The Rising Importance of Technology IP
The fashion industry's technology investment has accelerated dramatically. In the fast fashion segment, IP activity has grown around AI-enabled textile sorting, imaging systems, and robotics-driven recycling processes—reflecting the sector's response to both climate obligations and regulatory pressure. For acquirers of fast fashion or manufacturing-adjacent businesses, patent portfolios covering proprietary production processes and supply chain technologies have become material deal considerations.
Meanwhile, trade secret protection has emerged as a critical but often undervalued IP category in fashion transactions. Proprietary algorithms that shorten trend-to-shelf timelines, customer data analytics systems, and supplier relationship maps can represent enormous competitive value—yet they receive no formal registration and can be lost or compromised through inadequate confidentiality protocols during the deal process itself.
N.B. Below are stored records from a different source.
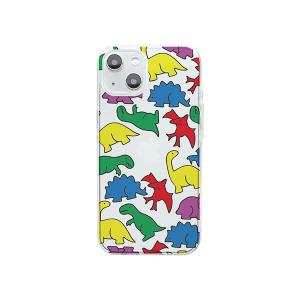 - 【個数:1個】DS24127I14 直送 代引不可 Dparks ソフトクリアケース for iPhone 14 カラフルザウルス 背面カバー型
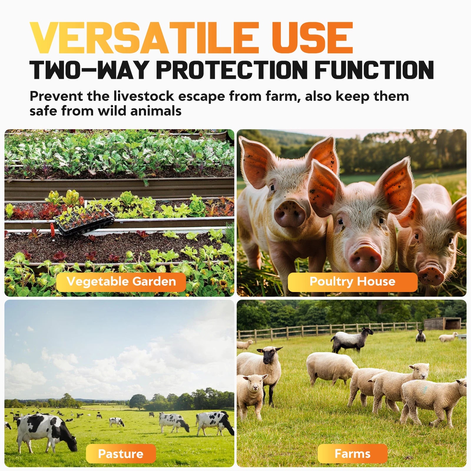 This solar fence energizer covers up to 10km of fencing and operates reliably across extreme temperatures from -20°C to +60°C, delivering consistent protection in rain, snow, heat, or harsh outdoor conditions. It offers an effective barrier against wildlife and protects livestock, including cattle, sheep, goats, and horses.
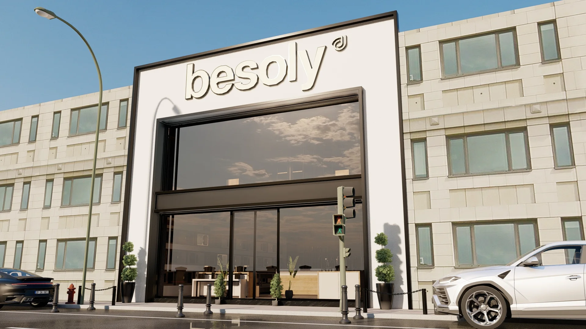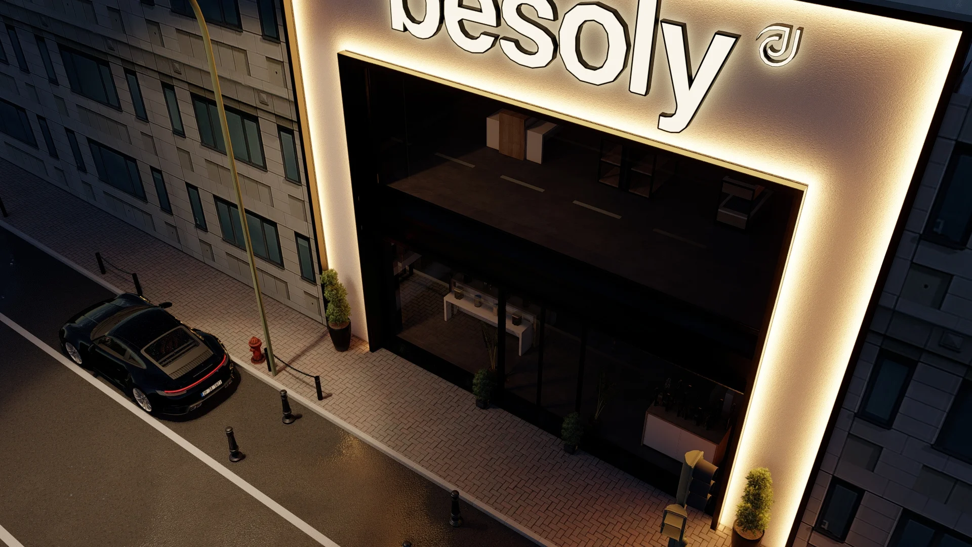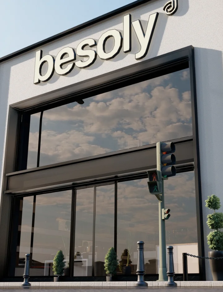 Projede gerçekçi 3D modelleme teknikleri kullanılarak Besoly mağazası dış mekan tasarımı müşteriye sunulur. Bu sayede, müşteriye projenin tamamlanmış halini daha gerçekçi bir şekilde göstererek, memnuniyet düzeyini artırırız.
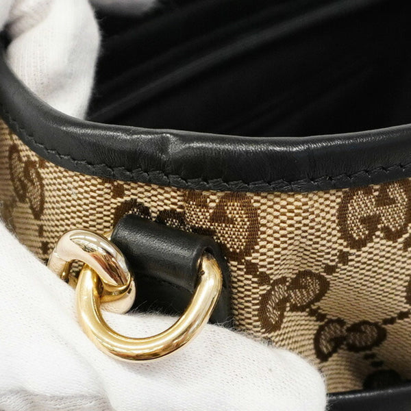 Gucci GG Canvas Sherry Line Shoulder Bag 388926 Black Brown Women\'s
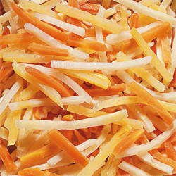 - Höyrytä vihannessuikaleita pakkauksen ohjeen mukaan ja jäähdytä. Suikaloi tuore fenkoli. Sekoita jäähdytetyt vihannessuikaleet, fenkolisuikaleet, raejuusto, crème fraîche ja sitruunan mehu. Mausta suolalla ja rouhitulla mustapippurilla. Tarjoile kylmänä lisukkeena tai leipien täytteenä.
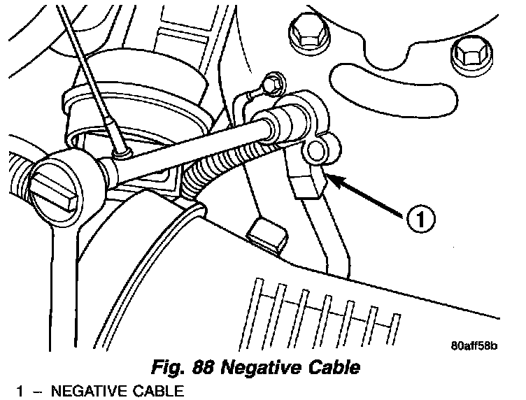 1. Disconnect battery negative cable at left strut tower (Fig. 88).

Robust data room management, targeted non-disclosure agreements, and post-closing integration planning are essential safeguards.
Key IP Considerations for Acquirers and Targets
Whether acting for a buyer or seller in a fashion transaction, legal counsel should ensure the following areas receive dedicated attention:
Portfolio completeness and jurisdiction mapping. Every material trademark, registered design, patent, and domain name should be mapped against the brand's operating markets, with gaps identified and remediation options assessed prior to signing.
Chain of title and ownership verification. All creative works, particularly foundational designs and archival assets, should be traced to confirm unambiguous ownership by the target entity.
Counterfeiting exposure and enforcement history. Active infringement by third parties can erode brand value and create post-acquisition litigation exposure. A review of the target's enforcement posture and any unresolved disputes is essential.
Licensing arrangements. Inbound and outbound licenses—including any change-of-control provisions—must be carefully reviewed. An acquisition can inadvertently trigger termination rights or assignment restrictions that affect the target's most commercially significant IP arrangements.
AI and technology risks. With generative AI tools now embedded in creative workflows across the industry, acquirers should assess whether any of the target's designs or content were AI-assisted—and whether the applicable IP frameworks in relevant jurisdictions provide adequate protection for such works.